25^x - 6*5^x + 5 = 0

Let us rewrtie 25^x

We know that 25 = 5^2

==> 25^x = 5^x)^2

Then let us rewrtie the equation:

(5^x)^2 - 6*5^x) + 5 = 0

Now let us assume that 5^x = y

==> y^2 - 6y + 5 = 0

Now we will factor:

==> ( y - 5)(y-1) = 0

==> y1= 5 ==> 5^x1 = 5 ==> x1 = 1

==> y2= 1 ==> 5^x2 = 1 ==> x2 = 0

Then we have two solutions:

**x = { 0, 1}**

This is an exponential equtaion and we'll solve it using technique of substitution.

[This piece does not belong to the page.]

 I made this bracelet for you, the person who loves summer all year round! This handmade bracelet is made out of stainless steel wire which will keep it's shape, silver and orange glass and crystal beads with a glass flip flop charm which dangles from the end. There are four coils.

We'll substitute 5^x by the variable t.

25^x=(5^2)^x=(5^x)^2=t^2

We'll re-write the equation in t:

t^2 -6t + 5 = 0

We'll apply the quadratic formula:

t1 = [6+sqrt(36-20)]/2

t1 = (6+4)/2

t1 = 5

t2 = (6-4)/2

t2 = 1

Now, we'll determine x:

5^x = t1

5^x = 5

Since the bases are matching, we'll apply one to one property:

x = 1

5^x = t2

5^x = 1

But 5^0 = 1

5^x = 5^0

x = 0

**The solutions of the equation are: {0 ; 1}.**

To solve

25^x - 6*5^x + 5 = 0.

We notice that 25^x = (5^x)^2.

So we put 5^x = t in the equation 25^x - 6*5^x +5 = 0 and get:

t^2-6t +5 = 0.

t^2-5t -t +5 = 0.

t(t-5) -1(t-5) = 0.

(t-5)(t-1) = 0.

t-5 = 0 , or t-1 = 0.

t-5= 0 gives t= 5 , 5^x = 5 = 5^1.So x = 1.

t-1 = 0 gives t=1, 5^x = 1= 5^0. So x= 0.

Therefore x = 0 or x= 1 are the solutions.